In order to run the Thickness prediction model (DeepRT) place all your coregistered fundus images and thickness maps in ~/data/fundus and ~/data/thickness_maps as in data sample provide. Further in ~/data/filenames provide .csv files for train, validation and test samples as in test sample.
Before training the model, configure params.json, here the default parameters are set as used in paper. "enc_filters" here regulates the size of the encoder. In the paper the results are achieved using "enc_filters" = 8 for the DeepRT light model.
Once trained, find model in the ~/logs directory.
To evaluate the model and produce all the test statistics used for the plots in the manuscript, simply run evaluation.py with the params.model_directory set correctly in the python file. This program will generate all necessary test statistics in the results_log.pd file and save it in the specified model directory. Further, all labels and prediction are plotted and saved in the folder "predictions", also residing in the specified model directory.
Note: in order to produce results on thickness prediction test errors for edema and atrophy cases, put the file gold_standard.csv in the ~/data/gold_standard directory, see test data for example format. Important here is that the file names are of the same format as in other examples.
In order to run the evaluation of transferring DeepRT weights vs. random and Imagenet initialization the first step is to download the data publicly available at: https://www.kaggle.com/c/diabetic-retinopathy-detection/data.
Note: here only the public test set is used for evaluation the algorithms.
The second step is to pre-process the data as stated in the manuscript. To preprocess the image run preprocess.py in the ~/data directory. The repository includes 5 example images located in ~/data/unprocessed. After running the preprocess.py the output is saved in ~/data/processed.
Once all the downloaded images are preprocessed the data partitions can be created. An example is seen in the ~/data/512_3 directory. Here the test folder always contains the same image accross all partitions. In this example the 3 % partition is included in the repository where each image is resized to 512x512x3 pixels. In this repository the test folder contains the same images as the validation data, to keep the amount of data in the repository low.

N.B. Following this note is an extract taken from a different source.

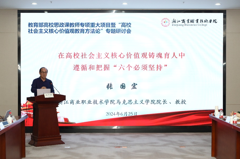 浙江商业职业技术学院奈飞工厂 院长张国宏教授以“在高校社会主义核心价值观铸魂育人中遵循和把握‘六个必须坚持’”为题作发言。他认为,高校社会主义核心价值观铸魂育人应坚持人民至上、坚持自信自立、坚持守正创新、坚持问题导向、坚持系统观念、坚持胸怀天下,从而把握社会主义核心价值观教育“站得高不高、立得直不直、行得稳不稳、谋得实不实、想得全不全、看得远不远”的问题。

Once all data is structured, run main.py specifying the model, weight initialization as well has hyperparameters.
Note: Using grid search the optimal parameters for ResNet50 with Imagenet Init was found to be learning rate 0.0001 and momentum 0.99. While for DeepRT random and transfer used learning rate 0.001 and momentum 0.9.
Model directories are as usual logged in the ~/logs folder. To evaluate the model on the test data, specify the model directory and model of interest in the evaluation.py file and run it. A result.txt file with all the main metrics will be saved in the model directory among others.